DOVER — In 2018, lawmakers approved a bill providing state employees with 12 weeks of paid parental leave upon the birth of a child. Now, a coalition of three dozen organizations is calling on the Legislature to expand that to cover the private sector.
“If this pandemic has taught us anything, it’s that we can no longer afford an economy that forces people out of the workplace when a medical emergency strikes,” said Liz Richards, executive director of the Delaware Cares Coalition for Paid Leave. “Paid family and medical leave strengthens Delaware families, particularly working families and families of color, and will keep us competitive for the best talent in the nation.”
The coalition, which is composed of groups like the Working Families Party, AFL-CIO and NAACP, is hoping to make Delaware the 10th state with paid leave. Supporters want a leave insurance program to cover serious medical issues experienced by an employee or a close family member, as well as a birth, a family member’s military deployment or the impact of domestic violence.
Legislation to that end is expected to be filed by several Democratic legislators in the coming months, the coalition said.
During a virtual news conference Monday, several Delawareans relayed tales of having to balance work and caring for a family member, highlighting the intense stress and emotional toll it took.
“If they are facing a serious family or medical crisis, no matter how hard they try ... their heads and hearts are going to be divided. That serves no one well,” recalled small-business owner Jan White, who was diagnosed with cancer in 2016 and went through more than five months of intense chemotherapy.
“Allowing someone to focus on their family in a time of crisis to allow them to be where they belong and give their family what they need and then they can come back as valued team members without having to worry about paying the mortgage, paying the utilities, paying the health insurance, paying the medical equipment, is the right thing to do. We view this as a win for everyone.”
Ferdinand Feubodei agreed that paid leave is beneficial to both parties, saying it shows people their employers care, which in turn creates a sense of loyalty. Mr. Feubodei had to quit a job he liked to care for his wife and newborn child, an experience that exacerbated the worries he already had about his family.
The federal Family and Medical Leave Act of 1993 requires employers to allow individuals to take 12 weeks off to care for a family member or new child. However, it does not mandate they be paid, and so many state employees are forced to exhaust their sick and vacation time upon having a child.
According to a 2013 study, the United States is one of only eight countries — and the only “high-income” nation — that does not offer paid leave to new mothers.

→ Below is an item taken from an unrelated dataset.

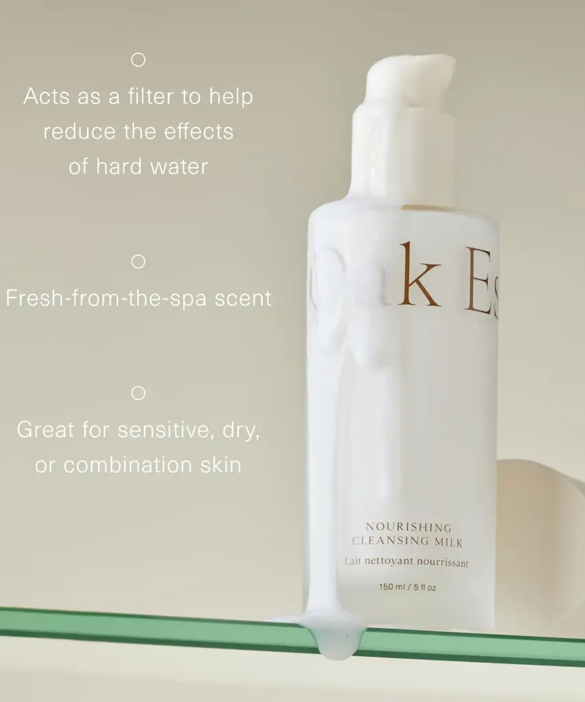 Nourishing Cleansing Milk RTL 150ml / 5 oz A creamy cleansing milk with Oat Amino Acids that gently sweep away dirt, oil, and makeup without over-drying skin. It helps to balance skin’s pH and acts as a filter to help reduce the effects of hard water while supporting skin’s natural lipid layer. Leaves skin feeling soft, nourished and refreshed with a fresh-from-the-spa scent. Great for sensitive, dry, or combination skin. To learn more about Oak Essentials, visit OakEssentials.com.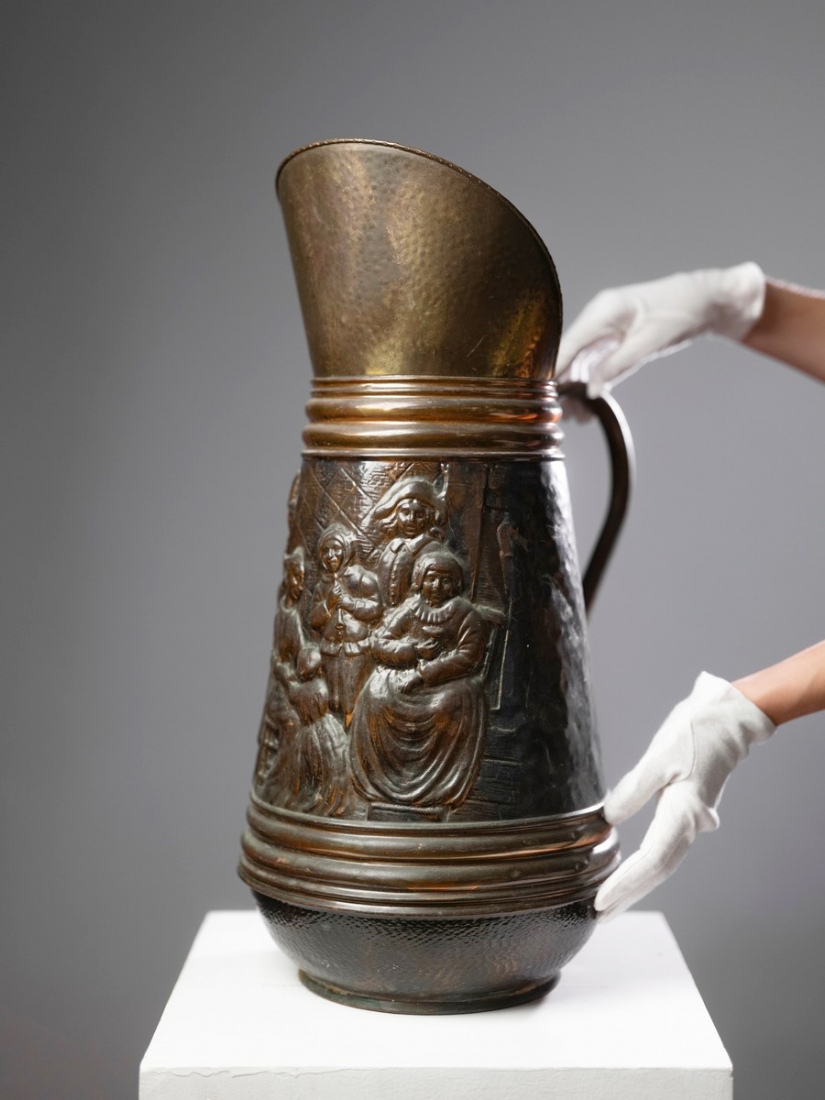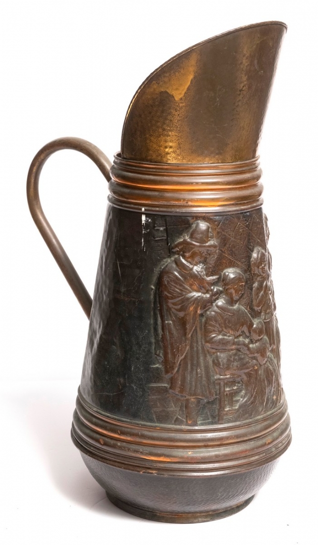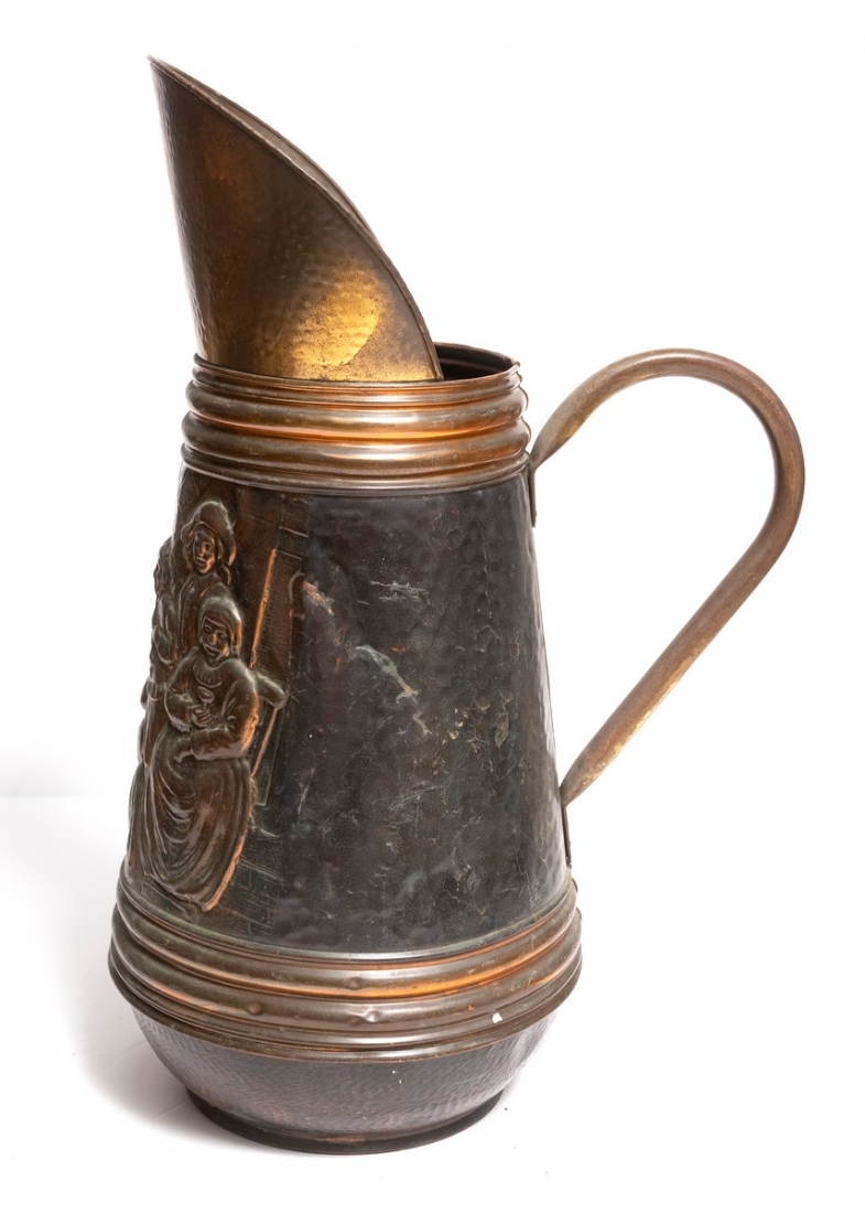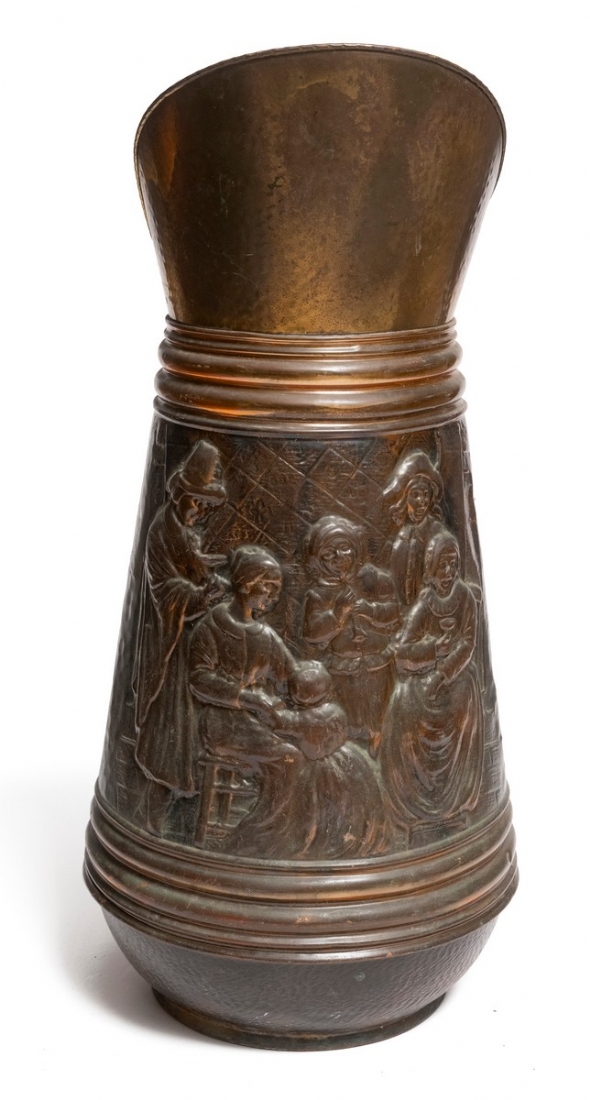 מעמד רצפה עתיק למטריות עשוי נחושת מעוצב בצורת קנקן גדול

During the legislative debate on paid leave for state workers in 2018, supporters characterized arguments from opponents as similar to ones used to oppose the FMLA, which ultimately were not borne out.
Still, paid leave remains a concern for many businesses and nonprofits. Central Delaware Chamber of Commerce President and CEO Judy Diogo said in December employers cannot bear the burden during the pandemic.
But to others, the devastation wrought by COVID-19 is all the more reason to approve such a policy.
“The pandemic has given us an opportunity to look at our systems that we have in place and make changes to better our communities,” Tyeisha Grier said.
Speakers Monday noted women, and in particular women of color, have been hit especially hard over the past year. From February through September, women made up almost 54% of the net job loss, per the National Women’s Law Center.
According to the National Partnership for Women and Families, 54% of Delaware workers are unable to access even unpaid leave through the FMLA.
Gov. John Carney’s office did not respond to a question about whether the governor supports paid family leave.